Иллюстрация — скриншот со страницы нового стихотворения Кукухаева.
***
Пока Кукухаев катил свой шарик, а Петрухаев затаился в обдумывании новой главы своей героической саги, в которой не хватало только Лошади Белой в рассветной мгле, старик Хрипнович решил собственноручно прощупать почву на болоте, зловредном символе жизни беспонтовой старухи Кефировой.
Я — Водяной, я — Водяной,
Никто не водится со мной, —
напевал он хриплым голосом любимую песенку, слова Юрия Энтина.
Старик надел болотные сапоги и заскользил по льду, как фигурист Плющенко, иногда делая прыжок "двойной тулуп", чтоб не потерять из виду дорогу домой. Вдруг лед под ним треснул и провалился. Сапоги Хрипновича медленно проплыли мимо окна Солохи Реверс, только надумавшей испечь яблочный пирог. Черт мигом затащил и подводника в жилище Нюхты Реверс. Поскольку Хрипнович был православный атеист, он не испугался черной нежити, не стал креститься и молиться, а сразу сел за стол, пыхнул трубкой и пристально всмотрелся в подругу Кукухаева. Черт свернул хвост колечком и примостился на подоконнике, насмешливо разглядывая гостя.
Солоха поставила самовар, положила на блюдца три кусочка шарлотки.

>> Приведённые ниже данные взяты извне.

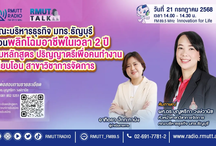 RMUT TALK l คณะบริหารธุรกิจ ชวนพลิกโฉมอาชีพในเวลา 2 ปี กับหลักสูตรปริญญาตรีเพื่อคนทำงาน เทียบโอน สาขาวิชาการจัดการ สัมภาษณ์ ผศ.ดร.บุญฑริกา วงษ์วานิช หัวหน้าสาขาวิชาการจัดการ คณะบริหารธุรกิจ มทร.ธัญบุรี คณะบริหารธุรกิจ มหาวิทยาลัยเทคโนโลยีราชมงคลธัญบุรี (มทร.ธัญบุรี) ชวนพลิกโฉมอาชีพของคุณในเวลาเพียง 2 ปี กับหลักสูตรปริญญาตรี เทียบโอน สาขาวิชาการจัดการ วิชาเอกนวัตกรรมการจัดการธุรกิจ เรียนวันอาทิตย์เพียงวันเดียว เป็นหลักสูตรที่เหมาะสำหรับคนทำงานที่เรียนจบ ปวส. สาขาที่เกี่ยวข้องกับการบริหารธุรกิจ พร้อมก้าวสู่บทบาท ผู้จัดการโครงการ HR นักวิเคราะห์ธุรกิจ ผู้พัฒนาธุรกิจ และผู้ประกอบการ . ผู้เข้าเรียนจะได้เพิ่มศักยภาพด้านการจัดการจากเจ้าของประสบการณ์จริงในวงการธุรกิจ เรียนรู้เทคนิค นวัตกรรมการจัดการธุรกิจที่นำไปใช้ได้จริง ...
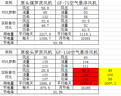 贊皇金隅水泥有限公司對廠中二線頭煤羅茨風機、窯頭一次風機進行了節(jié)能改造,頭煤風機換為:GF75-0.6型空氣懸浮風機;窯頭一次風機換為:GF150-0.6型空氣懸浮風機,兩種風機參數做功及用電量對比如下表所示:

Чертяка любил выпечку Солохи и облизнулся.
Хрипнович с удивлением увидел, что в шарлотке Нюхты Реверс были румяные яблочные дольки, а вот им с Копченым достались шарлотки с яблочными огрызками. Он промолчал, но есть такое не стал.
— А зря, — благодушно заметила Солоха. — Это я в детстве научилась. Была у меня подружка, девочка из бедной семьи. Чтоб ее подкормить, я ей свои огрызочки отдавала. Доброта спасет мир!

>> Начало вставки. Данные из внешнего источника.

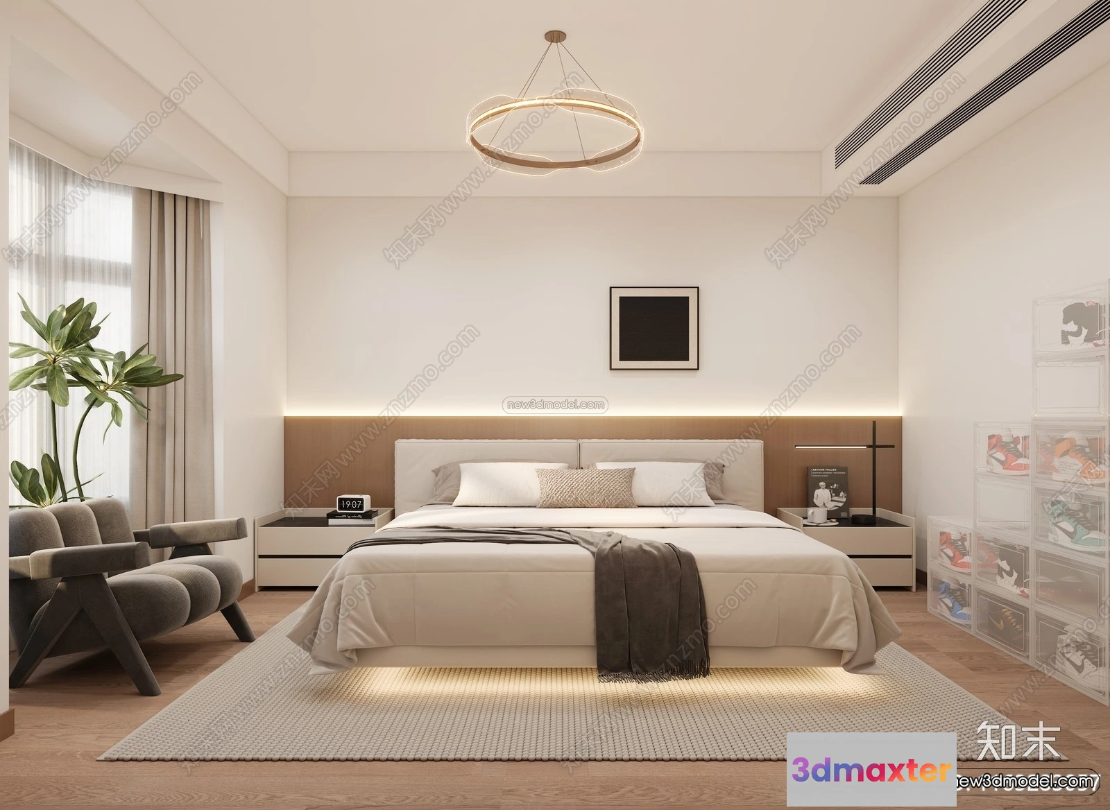 3D Models / 3D Scenes / Interior / Bedroom / Minimalist Style Interior 3D Blocks – Bedroom 3D Model – 169 3D Max

Откушав, она предложила Хриптовичу залезть в картонный домин, отдохнуть, но он отказался.
— Это спальный домик для бедных, утащила с берегов реки Ганг, — пояснила Солоха. — А я вот думаю, если ты умён и предприимчив, то почему беден? Надо овладеть профессией, которая тебя будет кормить, надо иметь и ум, и сметливость. Я вот — ведьма, и не скрываю. А сколько я настрадалась! И теперь вот терплю напраслину от Кефировой, потому что ангельский характер имею.
— Чем ей так нравится болото? — наконец раздраженно спросил Хрипнович. — Все пишет и пишет о болоте! Тут же невозможно жить! Нету сверкающих площадей! Нету развлечений! Мрак и затхлость средневековья! Просто пародия и клевета на наш современный процветающий капитализм!

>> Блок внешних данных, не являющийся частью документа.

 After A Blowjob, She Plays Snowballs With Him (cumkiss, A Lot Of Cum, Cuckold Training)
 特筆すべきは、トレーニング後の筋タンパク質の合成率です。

Нюхта Реверс надула губки.
— Ничего вы не понимаете в болоте, дражайший. Тут у нас своя компания, и нам уютно и весело! Мы тут жили и при социализме, и при капитализме, а может, и при коммунизме будем жить! Нам без разницы!
Красиво не соврешь — дураком помрешь!
Ни с кем не делись, чтобы локти не грызть!
Дорога в рай — по чужим плечам да к солнышку!
Вот такая наша премудрость! А глупая бабка Кефирова не хочет жить в нашем болоте! Какой-то Попов запугал ее мерзопакостными упырями, да еще и название дал — болото Лжи и Алчности! Вот глупый! Разве мы слизкие упыри? Мы красавчики, и даже моемся с дегтярным мылом!
Хрипнович понял,что Солоха слишком уж разболталась и надо прощаться, и попросил вытащить его на свет Божий. Черт с удовольствием вытолкнул его.
Но не успел старик выползти из болотного озерца, как увидел за ближней пропастью безмятежно отдыхавшего на снегу опера Петрухаева. Хрипнович вознесся, благодаря безотказному солохиному Черту, перенесшему его через пропасть, и упал прямо на богатырскую грудь задремавшего опера.